::: Exercise material
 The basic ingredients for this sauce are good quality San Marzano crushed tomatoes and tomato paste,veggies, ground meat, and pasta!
::::::
::: Exercise material
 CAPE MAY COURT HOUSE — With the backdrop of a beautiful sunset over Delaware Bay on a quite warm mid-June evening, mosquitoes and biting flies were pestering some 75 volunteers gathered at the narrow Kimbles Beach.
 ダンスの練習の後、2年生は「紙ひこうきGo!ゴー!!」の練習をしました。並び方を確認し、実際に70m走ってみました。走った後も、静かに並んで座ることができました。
::::::
▶ **Exercise details**
Using the entries above, give again exactly the lines from the line holding "CAPE MAY COURT" through the line holding "ダンスの練習の後、2年生は「". Include both end lines and nothing else.

▶ **Exercise output**
 CAPE MAY COURT HOUSE — With the backdrop of a beautiful sunset over Delaware Bay on a quite warm mid-June evening, mosquitoes and biting flies were pestering some 75 volunteers gathered at the narrow Kimbles Beach.
 ダンスの練習の後、2年生は「紙ひこうきGo!ゴー!!」の練習をしました。並び方を確認し、実際に70m走ってみました。走った後も、静かに並んで座ることができました。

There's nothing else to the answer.